At two he was placed in a “cottage style care facility” and Ms Vicker noted that by the time the boy was four years old “he had effectively received no stable parental input”.

It was at this time that the boy was placed in a foster home.

On the day of his death, the teenager had been spoken to by a friend’s mother and his foster mother about getting up to “mischief by going out at night on sleepovers”.

His foster mother had also spoken to him about her concern that he had a girlfriend and the couple “were both so young”.

In Ms Vickers’ findings she said the teenager “reacted by blaming himself for making wrong or bad decisions”.

After the conversation with his foster mother, she could hear “him remonstrating with himself to the extent she asked to be careful of himself and the furniture”.

She thought he needed space, and when she went to get him for dinner and he was not in his room she was not concerned at his absence because in the past when he had been angry he would go for a run around the oval to get it out of his system, the hearing was told.

His foster parents became concerned when the boy did not return that night and they contacted the department and the police.

The following day his foster father found the boy dead in the backyard.

Child psychiatrist Dr Jillian Spencer told the inquest the boy “likely suffered a higher degree of impulsivity and poorer problem solving derived from his cognitive executive system deficits due to his prolonged exposure to abuse and neglect as an infant”.

Ms Vicker found that “the experiences he suffered during infancy would have elevated his arousal and irritability response to stressful situations and given him much lesser tolerance and impulse control to develop resilience to life’s normal stressors”.

Ms Vicker found the boy’s foster placement was interrupted when one of the boy’s older brothers was also placed with the foster family temporarily, that he experienced some sleep disrputions and that there was sometimes friction in the household because he “resisted boundaries imposed by his placement”.

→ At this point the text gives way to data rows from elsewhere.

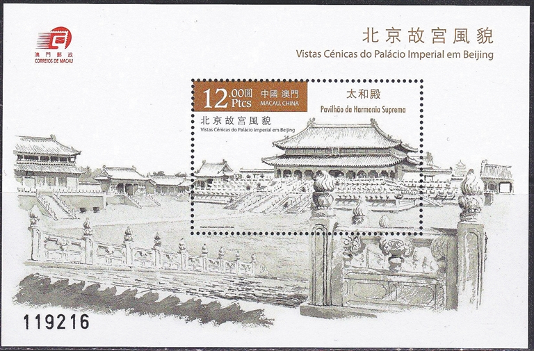 这套邮票共4枚,以故宫主要建筑为主组成四幅相对独立画面,连在一起就是一个完美整体,呈现了紫禁城全貌。其中第一枚名为“丹阙凌云”,由午门、金水河和太和门组成;第二枚为“太和晴旭”,描绘的是太和殿、中和殿及保和殿,三大殿分立于工字型汉白玉台基中央,白石栏杆衬托着朱柱红墙,不仅宏伟壮观的建筑艺术达到高潮,皇权象征也到达了巅峰;第三枚为“乾坤交泰”,乾清宫、交泰殿及坤宁宫,这是后宫的中心,其中坤宁宫是明清两代皇后的中宫。在内廷三宫东西两侧分列着12个院落,这就是著名的东西六宫,其中东六宫为钟粹宫、承乾宫、景仁宫、永和宫、延禧宫,西六宫为储秀宫、体和宫、翊坤宫、咸福宫、长春宫,这是后宫嫔妃们居住的宫室;第四枚是“琼苑春晖”,主要是御花园全景及故宫后门神武门。历代帝王无不重视游乐赏玩之事,皇宫内部都有皇家园林,故宫中就有四处较大的园林,分别是御花园、慈宁宫花园、福建宫花园和宁寿宫花园,大都布置了假山水池,花木扶疏,别具一格。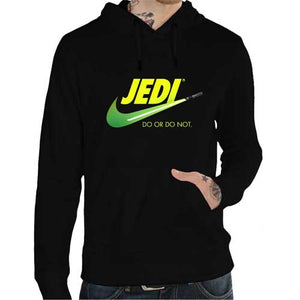 Les fans de Stars Wars auront sans doute reconnu le conseil que Yoda donne à Luke Skywalker, qui nous a servi d’inspiration pour cet incroyable t-shirt ! Invitation au dépassement de soi, Do or do not, en français fais-le ou ne le fais pas, figure bien sûr au panthéon des répliques de l’Empire contre-attaque. Pour le mettre en image de façon originale, on a opté pour un détournement ultra classe du logo du célèbre équipementier sportif, et de son slogan le plus emblématique : Just do it ! Un t-shirt Star Wars moderne et créatif, pour porter haut les valeurs des Jedi.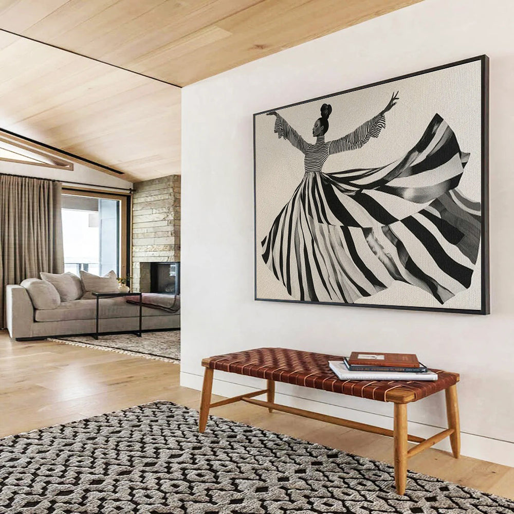 Bring Art Deco flair to dance studio walls with this striped - dress dancing figure art. Bold, graphic lines and a dynamic pose capture the essence of movement. Perfect for dance studios, it turns the space into a visual performance, motivating dancers to express themselves freely.Handmade Acrylic/oil painting on canvas, Unframed/Not stretched. Packing: Rolled and shipped in a solid tube. The painting come with EXTRA 2-3 inch white border around for stretching or framing. Delivery time: You will receive the painting around 7-12 days( 3-5 days to finish the painting, 5-7 days to your home.by Fedex And Dhl)

But the Coroneralso  found that overall he had expressed love for his foster parents and was progressing well through adolescence.

“I am satisfied the Department, through the [foster family] provided [the boy] with the best possible supervision, treatment and care, despite which he died by way of suicide,” she said.

“The Department accepts, that with the current state of knowledge of the effects of a non-responsive relationship on the infant brain, ideally a child like [the boy] would have been removed from an unsafe environment immediately it was perceived it was unsafe and continuing to be unsafe”.

However Ms Vicker said there were a number of factors that complicated such matters.

“Unfortunately that is not the end of the matter for the Department because the Department is then faced with the difficulty of finding appropriate safe and responsive care for its infant children. It is required to do so by legislation, but the practicalities of safe, appropriate and responsive care, are daunting,” she said.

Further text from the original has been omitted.